3 BÜYÜKTE EN UCUZ ANKARA
Değerleme şirketi Ankara ve İzmir’de de yeni konut fiyatlarını da inceledi. Buna göre İzmir’de yeni bir binada en ucuz evin metrekare fiyatı 6 bin 500 lira olsa da birçok ilçede 10 bin lira bandının aşıldığı görülüyor. En yüksek metrekare fiyatına bakıldığında ise rakam 85 bin liraya kadar çıkıyor. 3 büyük ilde en uygun yeni konut seçenekleri ise Ankara’da. Çankaya, Keçiören ve Yenimahalle dışındaki ilçelerde metrekare fiyatı 10 bin liranın altında seçenek var. Hatta merkezi olmayan noktalarda fiyatlar 4-5 bin lira bandına düşüyor. Başkentte en yüksek fiyatlara bakıldığında ise metrekare satış fiyatı 50 bin lirayı buluyor.

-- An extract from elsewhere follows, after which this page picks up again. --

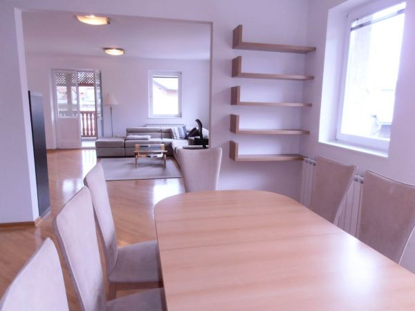 Apartment is on second floor has 85 square meters and consists of kitchen and dining area connected to open living room that have exit to terrace((20 square meters) with beautiful view. 2 bedrooms,bathroom,laundry room.

KONUT FİYATLARI NEDEN ARTTI?
TSKB Gayrimenkul Değerleme Genel Müdürü Makbule Yönel Maya, konut fiyatlarındaki artışın 2021 yılı ekim ayından itibaren sürdüğünü belirterek şu değerlendirmeyi yaptı:
“2022 yılında da konut fiyatlarındaki artış önemli bir başlık olarak gündemde kalmaya devam ediyor. Yeni konut fiyatı araştırmasını bu yıl nisan ayında da yapmıştık. Ortalama artışın geçen 5 aylık sürede İstanbul için yüzde 47, Ankara için yüzde 22.5, İzmir için de yüzde 24 mertebelerinde olduğunu gözlemledik. İstanbul’da 5 ayda yüzde 60’ın üzerinde artış olan ilçeler de var. Bu anlamda 2022’nin önceki yıllardan oldukça farklılaşması dikkat çekiyor. Bu farklılaşmanın nedenlerini irdelediğimizde enflasyonist ortam, mevduat yatırımının reel olarak paranın değerini koruyamaması, arz-talep dengesi, inşaat maliyetlerindeki artış hızı ve artış oranının yüksekliği, talep canlılığına karşı arza yeni eklenen birim sayısındaki azalma gibi etkenler öne çıkıyor.” Maya, “5 aylık bir dönemde bu denli hızlı artışların yılın son çeyreğinde bir miktar hızını düşüreceğini öngörmek mümkün” ifadelerini kullandı.